Aucun des éléments versés aux débats ne permet de remettre en cause les conclusions de l’expert.
L’ensemble de ces éléments permettent de considérer que Madame [N] [S] n’était pas apte à la reprise d’une activité professionnelle quelconque en date 31 juillet 2021 et ce jusqu’au 29 mars 2022 inclus.
Le tribunal n’est pas en mesure d’ordonner à la Caisse le paiement des indemnités journalières, il y a lieu de faire vérifier à la Caisse le respect des conditions administratives de versement de ces indemnités.
Il appartiendra à la Caisse de procéder à la liquidation de ses droits à indemnités journalières en conséquence, en tenant compte, notamment, du respect des conditions administratives de versement de telles indemnités.
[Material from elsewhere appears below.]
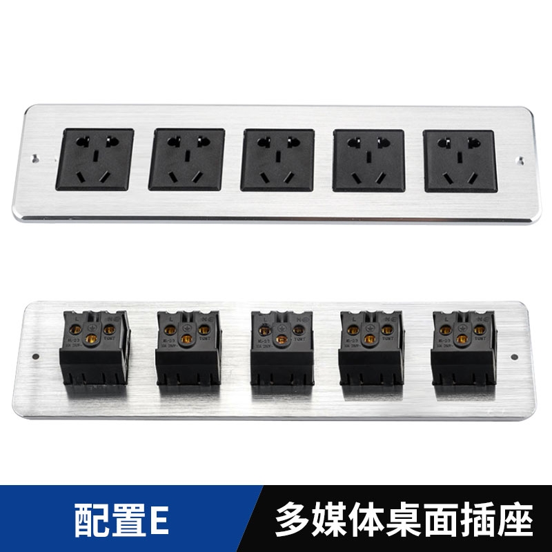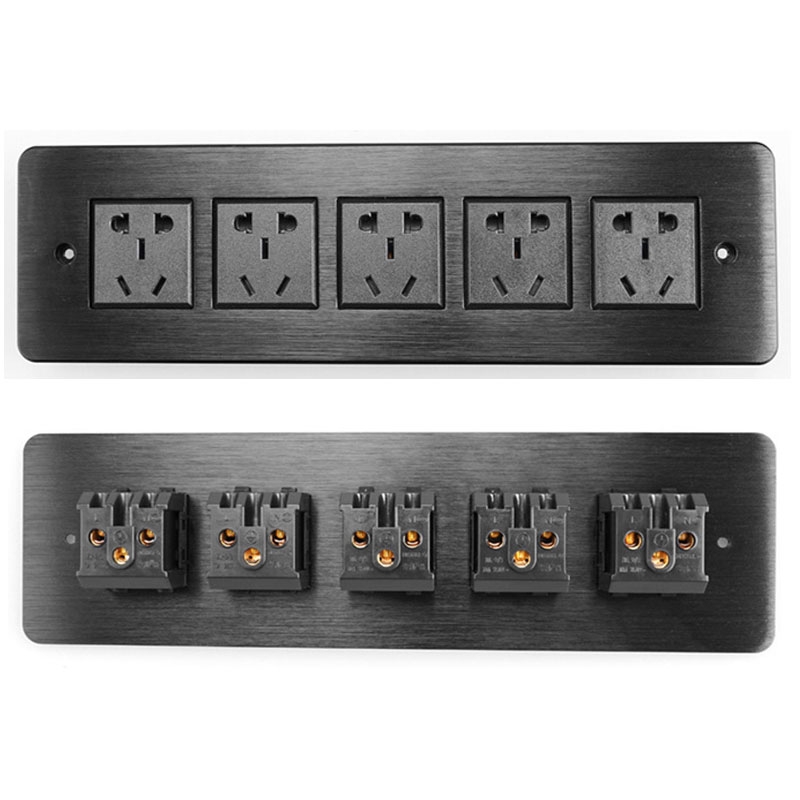 Aosens奥盛 铝合金多媒体面板台面插座支持定制 新国标五孔电源 AS-ZH-720E

Sur la demande de frais irrépétibles :
L’article 700 du code de procédure civile dispose que le juge condamne la partie tenue aux dépens ou qui perd son procès à payer à l’autre partie la somme qu’il détermine, au titre des frais exposés et non compris dans les dépens.
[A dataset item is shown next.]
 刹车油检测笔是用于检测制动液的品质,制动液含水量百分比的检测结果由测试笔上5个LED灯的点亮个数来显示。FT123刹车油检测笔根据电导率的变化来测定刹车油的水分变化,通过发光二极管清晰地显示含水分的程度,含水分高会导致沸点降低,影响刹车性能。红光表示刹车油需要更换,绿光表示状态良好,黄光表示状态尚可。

Dans tous les cas, le juge tient compte de l’équité ou de la situation économique de la partie condamnée. Il peut, même d’office, pour des raisons tirées des mêmes considérations, dire qu’il n’y a pas lieu à ces condamnations.
En l’espèce, la Caisse sera condamnée à verser à Madame [N] [S] la somme de 1 000 euros au titre des frais exposés et non compris dans les dépens.
Sur les dépens
Succombant à l’instance, la Caisse sera condamnée aux dépens en application de l’article 696 du code de procédure civile applicable, en vertu du paragraphe II de l’article R.142-1-A du code de la sécurité sociale.
PAR CES MOTIFS
Le tribunal, après débats tenus en audience publique, après en avoir délibéré conformément à la loi, statuant par jugement contradictoire, rendu en premier ressort, par mise à disposition au greffe,
DIT que Madame [N] [S] n’était pas apte à la reprise d’une activité professionnelle quelconque au 31 juillet 2021 et ce jusqu’au 29 mars 2022 inclus ;
RENVOIE Madame [N] [S] devant la Caisse primaire d’assurance maladie de [Localité 5] pour liquidation de l’ensemble de ses droits ;
CONDAMNE la Caisse primaire d’assurance maladie de [Localité 5] à verser à Madame [N] [S] la somme de 1 000 euros au titre de l’article 700 2° du code de procédure civile ;
CONDAMNE la Caisse primaire d’assurance maladie de [Localité 5] aux entiers dépens de l’instance ;
RAPPELLE que ce jugement est susceptible d’appel dans le délai d’un mois à compter de sa notification aux parties ;
Ainsi jugé et mis à disposition au greffe du tribunal le 3 novembre 2025, et signé par la présidente et la greffière.